Capítulo 10: Actos delegados y actos de ejecución

  • Artículo 92: Ejercicio de la delegación
  • Artículo 93: Procedimiento de comité

Capítulo 11: Provisiones finales

  • Artículo 94: Derogación de la Directiva 95/46 /CE
  • Artículo 95: Relación con la Directiva 2002/58/CE
  • Artículo 96: Relación con acuerdos celebrados previamente
  • Artículo 97: Informes de comisiones
  • Artículo 98: Revisión de otros actos jurídicos sobre protección de datos
  • Artículo 99: Entrada en vigor y aplicación

Disposiciones clave del artículo 32

Algunas de las disposiciones clave del GDPR, Artículo 32, requieren:

a. la seudonimización y cifrado de datos personales;
b. la capacidad de garantizar la confidencialidad, integridad, disponibilidad y resiliencia continuas de los sistemas y servicios de procesamiento; c. la capacidad de restaurar la disponibilidad y el acceso a los datos personales de manera oportuna en caso de un incidente físico o técnico; d. un proceso para probar, analizar y evaluar periódicamente la eficacia de las medidas técnicas y organizativas para garantizar la seguridad del procesamiento.

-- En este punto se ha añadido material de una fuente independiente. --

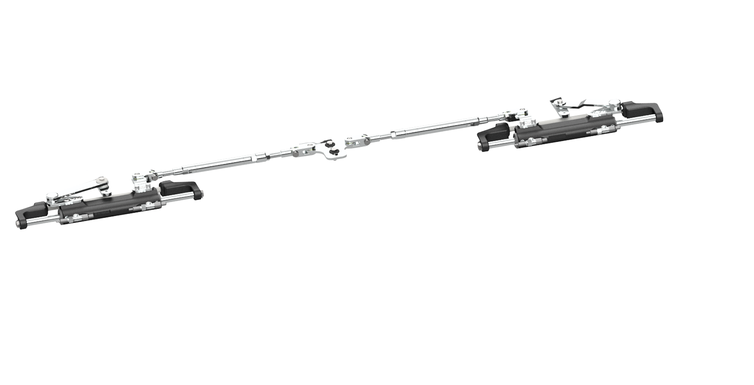 Heavy duty triple engine/twin cylinder tie bar kit for use with UC128-OBF or UC130-SVS and UC128P-OBF or UC130P-SVS “Port” version outboard cylinders. Suitable for use with SilverSteer these AISI 304 electropolished and passivated stainless steel tie bars are simple to install and allow for independent trimming of engines with minimal effect on engine alignment.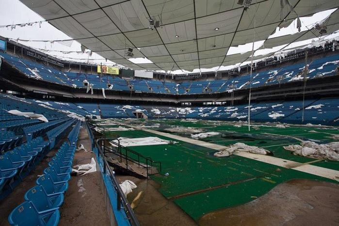 Спасибо за статью авторам "Заброшенного мира" Вконтакте. В городе Понтиак, который расположен рядом с Детройтом, в августе 1975 года произошло грандиозное открытие огромного стадиона, созданного по последнему слову техники того времени. В течении 20 лет, стадион регулярно собирал зрителей больше вместимости. На концертах популярных рок групп того времени билеты раскупали на 10 тыс больше, чем предусмотрено мест. Люди стояли в рядах и проходах, да где только возможно. На стадионе выступали такие известные группы, как «Ганз-н-роузес», «Пинк Флойд», а также, его выбирали под свои концерты легендарные Мадонна и Элвис Пресли. Но, в 90-х годах, как и Детройт со своими автомобильными заводами, Понтиак начал "затухать". У правительства не было средств на содержание стадиона и в конце концов его закрыли.

Disposiciones clave del artículo 34

El artículo 34 del reglamento detalla qué debe hacer una organización para no notificar a los titulares en caso de filtración.
Cuando la violación de datos personales supone un riesgo para los derechos y libertades de personas físicas, el responsable comunicará la filtración de datos personales al titular sin demora injustificada.
La comunicación al titular de los datos (referida en el párrafo 1 de este artículo) describirá con un lenguaje claro la naturaleza de la filtración…
La comunicación al titular de los datos (referida en el párrafo 1) no será necesaria si se cumple alguna de las siguientes condiciones:

a. el controlador ha implementado las medidas de protección técnicas y organizativas adecuadas, y esas medidas se aplicaron a los datos personales afectados por la violación de datos personales, en particular, aquellos que hacen que los datos personales sean ininteligibles para cualquier persona que no esté autorizada a acceder a ellos, como el cifrado ;
b. el responsable del tratamiento ha adoptado medidas posteriores que garantizan que ya no es probable que se materialice el alto riesgo para los derechos y libertades de los sujetos de datos a que se refiere el apartado 1;
c. implicaría un esfuerzo desproporcionado. En tal caso, bastará con informar a los titulares de los datos mediante una comunicación pública o medida similar igualmente efectiva.